What to do: Write out again, word for word, the lines below from the line that holds "A prior report" through the line that holds "OpenLDAP supports the", omitting pictures.
Data provided START
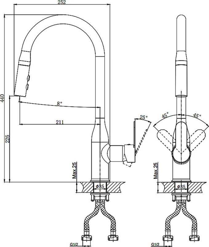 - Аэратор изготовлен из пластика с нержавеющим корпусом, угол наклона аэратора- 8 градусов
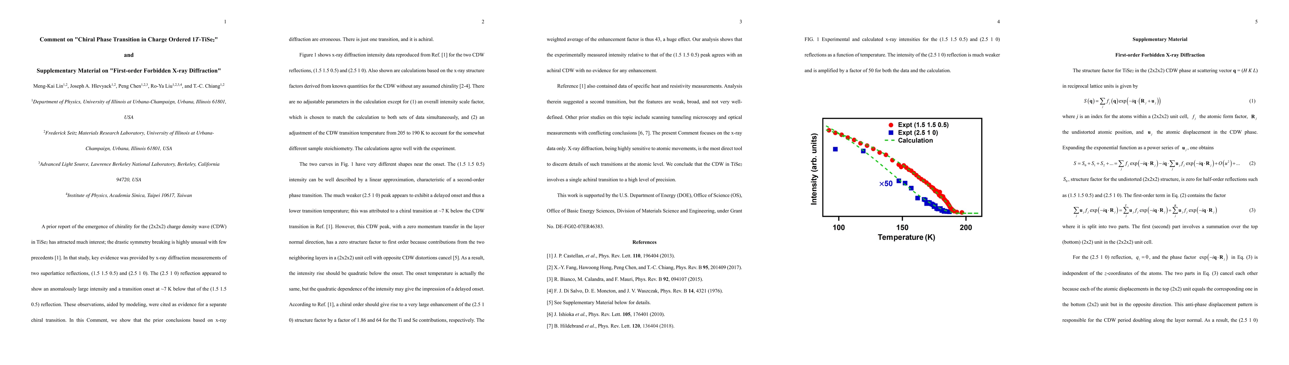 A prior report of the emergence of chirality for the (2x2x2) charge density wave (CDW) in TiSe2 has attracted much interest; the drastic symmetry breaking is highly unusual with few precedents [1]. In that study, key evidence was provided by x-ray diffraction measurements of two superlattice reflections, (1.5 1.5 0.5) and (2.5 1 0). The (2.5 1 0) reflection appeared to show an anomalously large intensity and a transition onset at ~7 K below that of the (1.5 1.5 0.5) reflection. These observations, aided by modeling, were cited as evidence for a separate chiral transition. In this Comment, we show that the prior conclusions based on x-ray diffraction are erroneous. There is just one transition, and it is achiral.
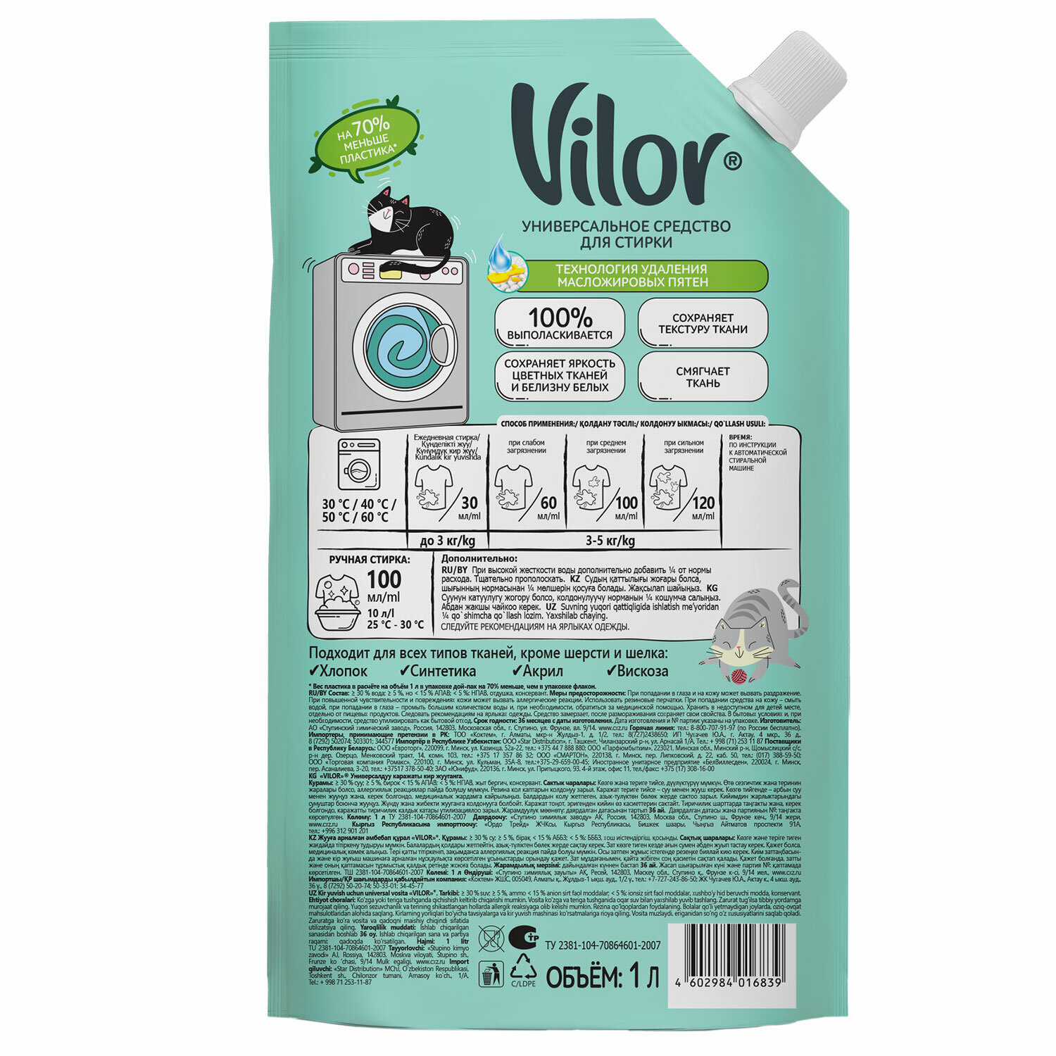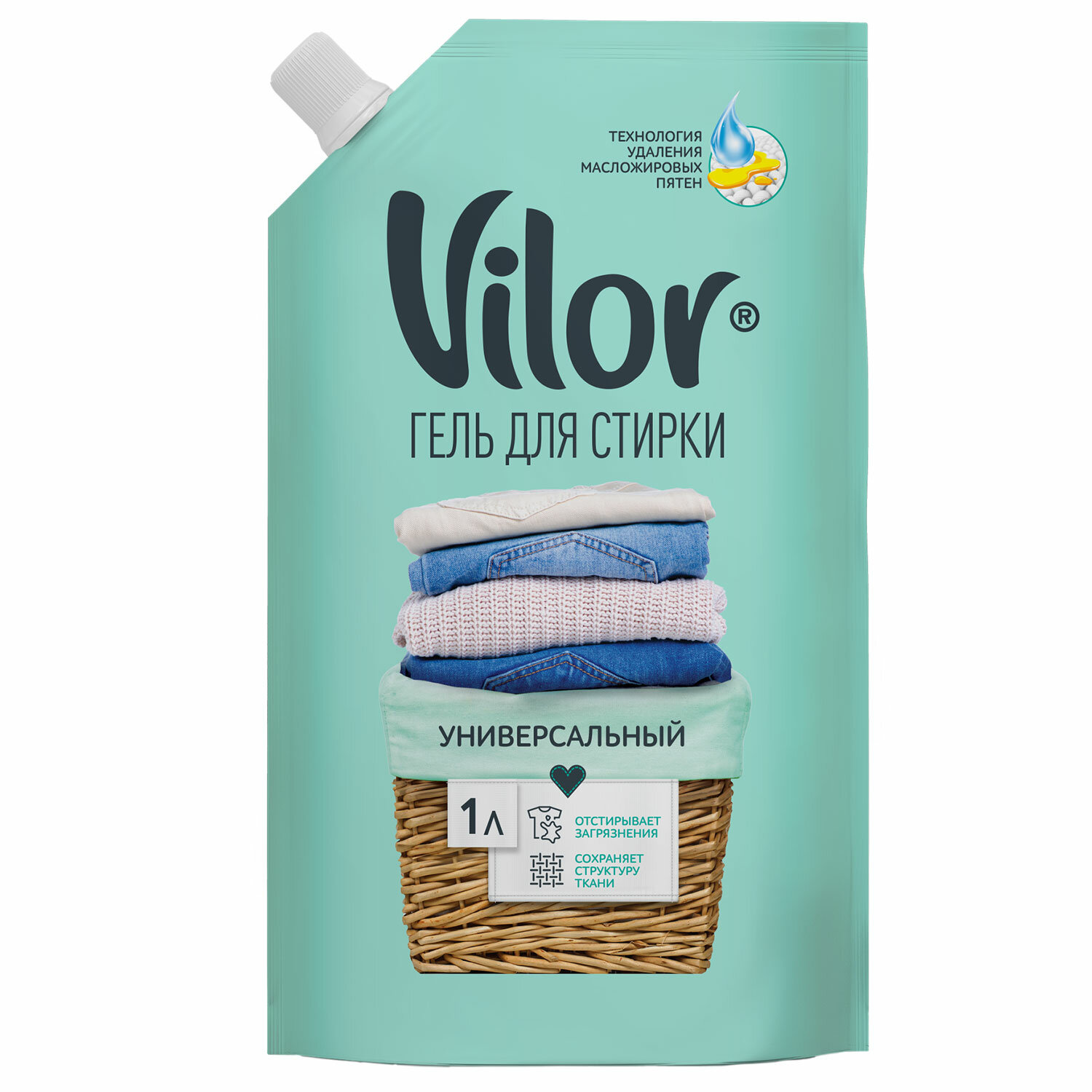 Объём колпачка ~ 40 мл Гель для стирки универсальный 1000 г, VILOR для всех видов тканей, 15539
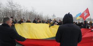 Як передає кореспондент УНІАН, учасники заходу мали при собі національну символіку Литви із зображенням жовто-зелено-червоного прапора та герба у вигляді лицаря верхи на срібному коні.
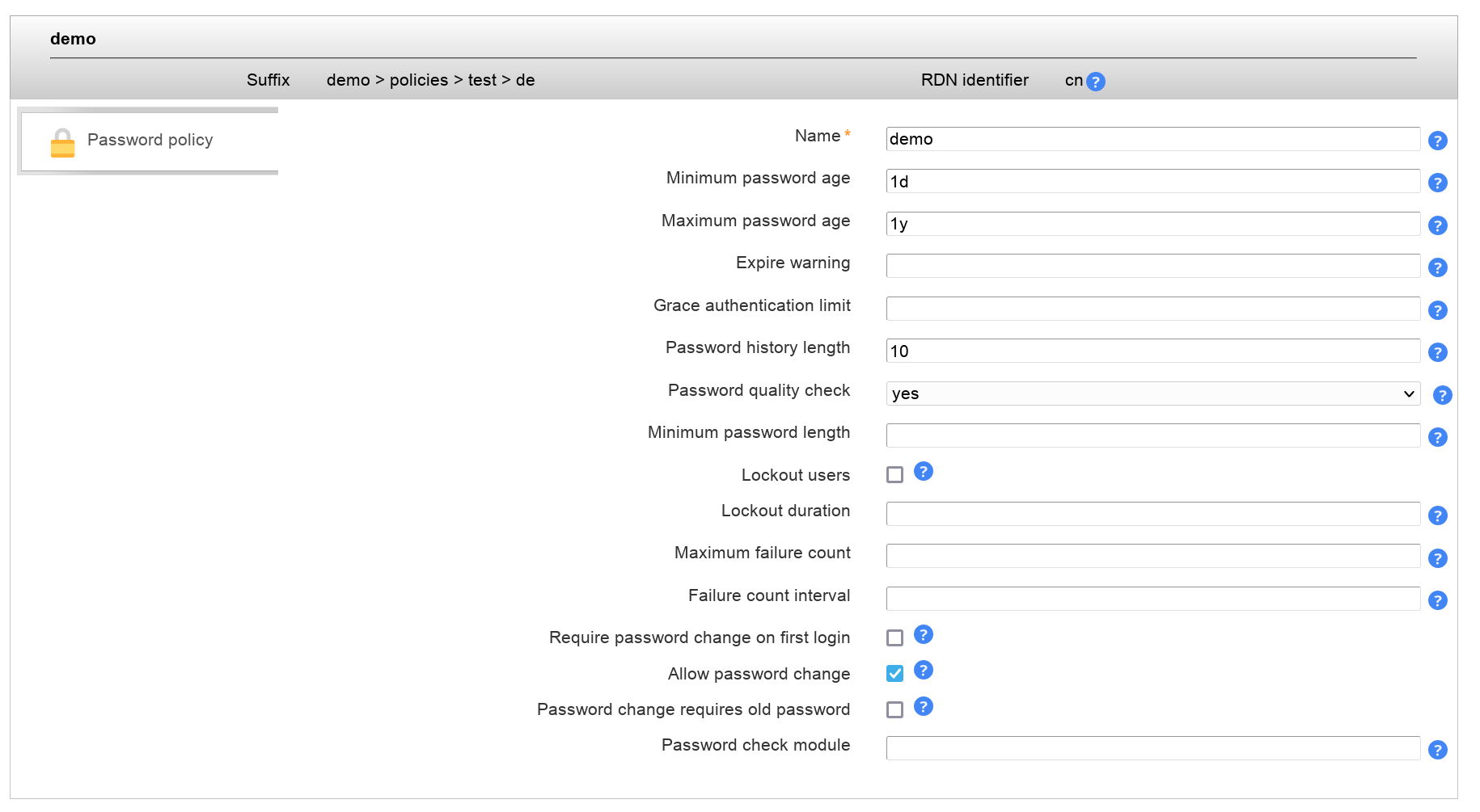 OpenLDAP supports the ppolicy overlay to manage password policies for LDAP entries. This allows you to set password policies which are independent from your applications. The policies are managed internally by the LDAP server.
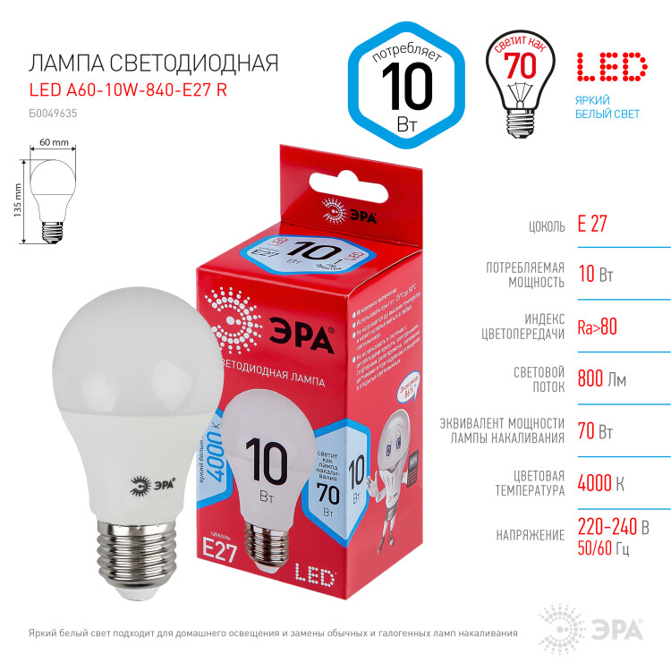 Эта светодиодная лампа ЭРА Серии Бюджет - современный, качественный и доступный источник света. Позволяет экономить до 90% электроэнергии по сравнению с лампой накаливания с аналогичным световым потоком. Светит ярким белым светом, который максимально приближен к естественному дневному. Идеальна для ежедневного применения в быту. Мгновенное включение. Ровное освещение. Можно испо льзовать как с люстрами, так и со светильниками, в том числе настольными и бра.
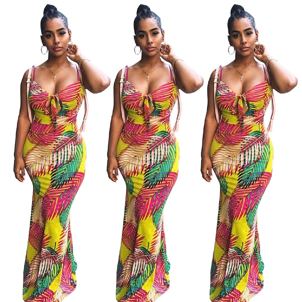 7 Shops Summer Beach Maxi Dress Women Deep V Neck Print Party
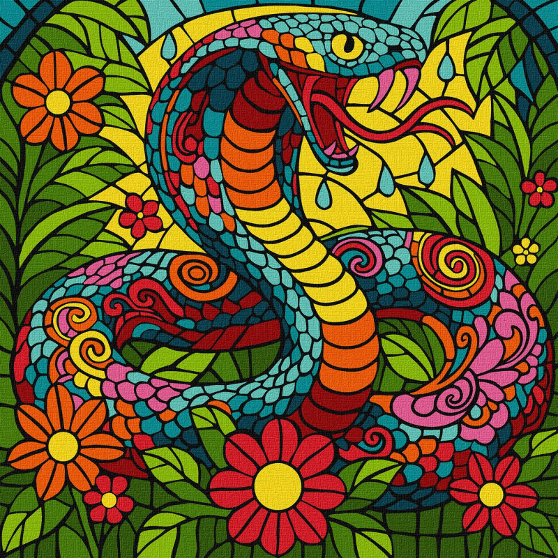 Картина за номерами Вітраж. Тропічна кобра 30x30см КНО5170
Data provided END
Answer:
 A prior report of the emergence of chirality for the (2x2x2) charge density wave (CDW) in TiSe2 has attracted much interest; the drastic symmetry breaking is highly unusual with few precedents [1]. In that study, key evidence was provided by x-ray diffraction measurements of two superlattice reflections, (1.5 1.5 0.5) and (2.5 1 0). The (2.5 1 0) reflection appeared to show an anomalously large intensity and a transition onset at ~7 K below that of the (1.5 1.5 0.5) reflection. These observations, aided by modeling, were cited as evidence for a separate chiral transition. In this Comment, we show that the prior conclusions based on x-ray diffraction are erroneous. There is just one transition, and it is achiral.
 Объём колпачка ~ 40 мл Гель для стирки универсальный 1000 г, VILOR для всех видов тканей, 15539
 Як передає кореспондент УНІАН, учасники заходу мали при собі національну символіку Литви із зображенням жовто-зелено-червоного прапора та герба у вигляді лицаря верхи на срібному коні.
 OpenLDAP supports the ppolicy overlay to manage password policies for LDAP entries. This allows you to set password policies which are independent from your applications. The policies are managed internally by the LDAP server.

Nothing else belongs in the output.